Unstructured, missing and inaccurate patient data

Data is often missing, inaccurate, or unstructured, said Miner, meaning there may be hundreds of pages on a patient, but not in a form that can be analyzed digitally and organized in a way to inform swift care-related decisions. Even if the nursing home and hospital share EHR software, and are owned by the same entity, data integration is still not happening, Miner said. 

“Healthcare is the last industry to really go to complete interoperability,” noted Miner. “Look at the financial industry. You get ubiquitous access to your money anywhere in the world.”

Nursing home operators are instead having to obtain discharge summaries and get a diagnosis after the patient is admitted to the facility, she said.

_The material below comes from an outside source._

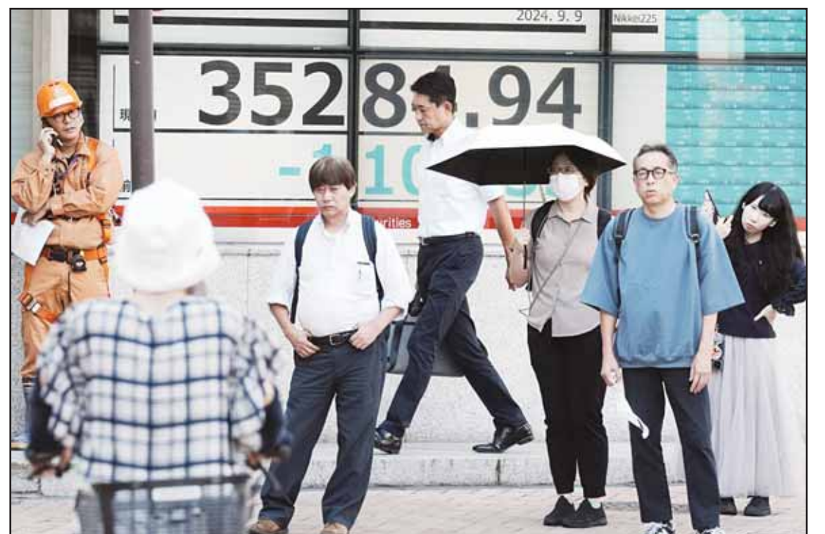
People stand near an electronic stock board showing Japan's Nikkei index at a securities firm Monday, Sept. 9, 2024, in Tokyo.

It has taken so long for health care interoperability to catch up because there are no data sharing standards.

“The continuity is so disruptive it actually leads to worse health outcomes,” said Miner. “Other unstructured data like PDFs, scans, TIFF images, forms that are handwritten, it actually makes the problem even worse.”

Hospital teams could say they’ve given all information needed, but it’s difficult to parse and time consuming for an already overburdened nursing home workforce. Unstructured data could create a bottleneck in discharge management too, Chubb said, with the nursing home thinking the patient is much more ill than they currently are, or vice versa, with the most vital information buried in a 100-page document.

“That’s one of the big areas when it comes to the referral versus getting to the bedside,” Chubb said of unstructured data. “What information do we need, how often do we need it, and when does that clinical liaison or that admissions director go back to the hospital and request further information?”

McFarlane added that there needs to be a standard method of transferring data for a referral, and ensuring new staff on the acute care end are educated on what that information the top page needs to have to ensure a timely acceptance on the post-acute end.

Turnover at hospitals has been hurting hospital-nursing home relationships overall, he said, including data transfers and discharge management.

“It’s mostly stagnant or maybe slightly worsened in terms of just the communication, the information that we receive, the accuracy of it,” McFarlane said of hospital staff turnover. “Sometimes we don’t always receive updates before the patient has been admitted, so we don’t always fully understand what we need to safely take care of that patient.”

However, the method of data transfer is inconsequential if data entered is incorrect or incomplete, and getting whole or correct info from the previous care setting is one of Ignite’s biggest challenges, said McFarlane.

Data gaps and nurse burnout

Gaps in data is a huge component of staff burnout in the nursing home, Chubb said, with medical records nurses and assessment coordinators constantly chasing down information. And when they do receive it, it’s not structured in an efficient way.

“It creates unnecessary inefficiencies with staff … what we find is that the role of the nurse has become more investigative,” added McFarlane.

Searching through unstructured data for information that should be easily accessible and provided brings unnecessary stress for staff already behind on 8 to 10 admissions per day, he said. 

“We’re already kind of behind the eight ball. Our accessibility to medications is more limited than an acute care, hospital-based system,” said McFarlane. “It certainly is a huge piece of why I think nurses ultimately end up leaving our setting and may ultimately leave the nursing practice altogether. It’s a huge driving factor.”